Friday, 27 February 2004


A feature in Thursday’s Daily Telegraph draws attention to British TV producers who are finding that the format of their successful programmes is being copied abroad. It focuses in particular on the reality TV show Wife Swap, produced by UK company RDF Media, which has spawned unauthorised imitators in Germany, Hungary and Austria. The Austrian version is particularly controversial since it has dabbled in politics, pairing a family of avowed racists with a Turkish immigrant couple. However, much to the chagrin of producers, it appears that there’s little that they can do about the copycats. This is because the principle that there is no copyright in an idea prevents the idea behind a programme format from being protected by copyright. While programme makers will have copyright in their scripts, this won’t be of much assistance in protecting unscripted reality TV shows. All they can rely on are any trade mark registrations they have for the programme title and the law of passing if the public will be deceived into thinking the programme was made with the original producer’s blessing (but even then there may be tricky territorial issues regarding where the reputation is if the two programmes are shown in different countries). One response taken by producers has been to produce “programme bibles” which give licensees intricate details of how they can achieve the effect of the earlier show.

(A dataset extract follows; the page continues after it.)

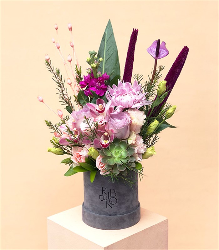Ribbon özel tasarımı mini boy pudra gri renk kadife silindir kutunun içinde yaklaşık 2 adet ekvator lila gül, 2 adet pembe vanda cymbidium orkide, 1 adet anastasya, pembe lisiantuslar, 1 adet mor antorium, 1 adet sukulent, mor şebboy, kuru çiçekler ve yeşil yapraklar bulunmaktadır.

While the IPKat does feel a bit uncomfortable about the idea of people being able to copy the work of others, he feels that the principles that limit the effects of copyright law are sound, and producers can’t expect a special exception for TV programme formats. Although he understands that people want to see their investments protected, recognising programme formats would entail recognising copyright in ideas to a greater or lesser extent. This would upset the balance that has been struck between IP protection and free competition. Recognising that investment is worthy of protection per se may well involve a more general, anti-misappropriation approach.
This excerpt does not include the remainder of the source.